Fragmented data is one of the most common reasons AI investments underperform. When property management systems and ERPs are inconsistent across owners and properties, AI can't operate reliably. More importantly, firms can't audit what their AI is doing or why. Without a clean, consistent data foundation, there's no way to know whether AI decisions are accurate, compliant or even traceable. When managing portfolios across multiple owners and platforms, establishing that foundation should be a prerequisite for everything else.

Molly whyte

“The regulatory responsibility still sits with the decision-maker. This means working with vendors who take compliance seriously and building internal monitoring processes to stay ahead of what's happening across the portfolio.”

Molly Whyte 

Managing Director, Tech Strategy
Grant Thornton Advisors LLC

 

2. Regulatory compliance

 

AI makes data more accessible and decisions faster but it doesn't change the regulatory environment firms are operating in. Fair Housing requirements, state and local regulations around pricing and fees, disclosure obligations and lease agreement standards vary by state, city, and in some cases, property type. They're also evolving rapidly as regulators begin to address AI-driven decision-making specifically.

 

“Companies often expect vendors to own compliance, but that’s not enough,” Whyte said. “The regulatory responsibility still sits with the decision-maker. This means working with vendors who take compliance seriously and building internal monitoring processes to stay ahead of what's happening across the portfolio.”

 

When AI is interacting directly with prospective and current residents at scale, the regulatory exposure is happening real time, across every interaction.

 

3. Accountability

 

When a vendor implements an AI-enabled platform, they'll ask the firm to make configuration decisions: how should the AI communicate with residents? What access controls are in place? How is the tool governed as property information changes?
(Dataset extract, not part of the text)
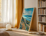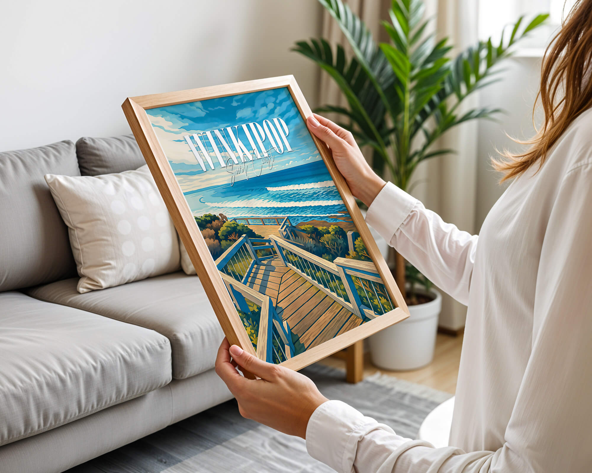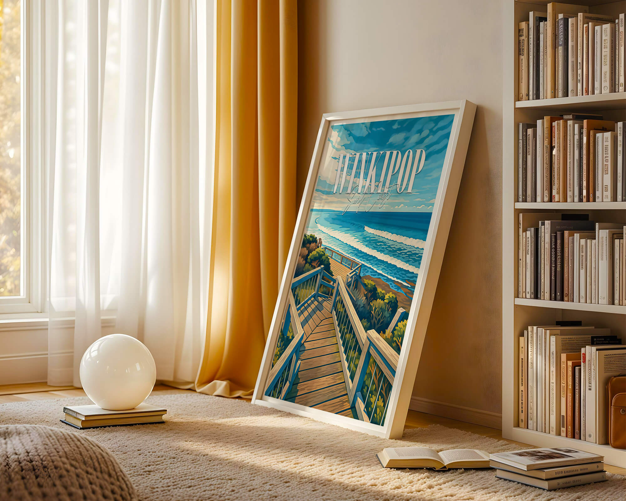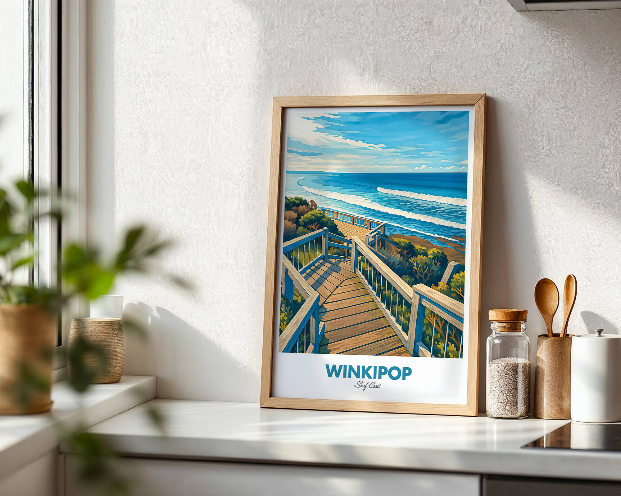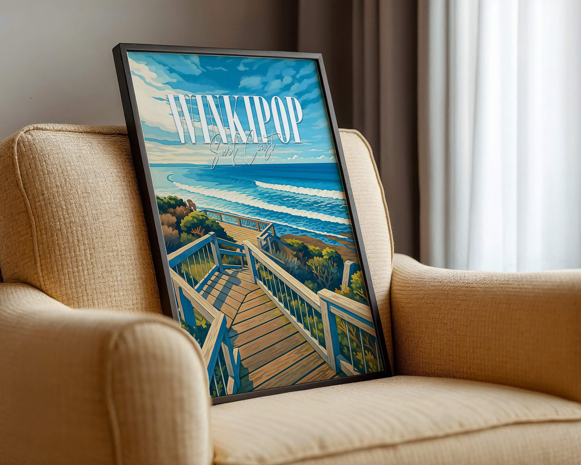 Our Winkipop retro travel poster focuses on the famous cliff-top boardwalk and the long walled sets rolling across the reef beside Bells. Crisp vector detail, turquoise water and warm sandstone hues capture the energy of the lineup from a fresh angle. Designed locally and printed in Australia on 250 gsm archival matte paper with pigment inks for longevity. Unframed.

These are questions most organizations have never had to answer before.

 

“Vendors ask clients how they want to configure everything, including governance decisions most have never had to consider,” Whyte said. “Organizations may need to rethink their operating model, especially how they monitor risk, especially when AI is interacting directly with residents or driving key business decisions.”

 

Addressing these areas with a sound governance foundation not only reduces risk, but also determines whether AI investments actually deliver the returns firms are expecting.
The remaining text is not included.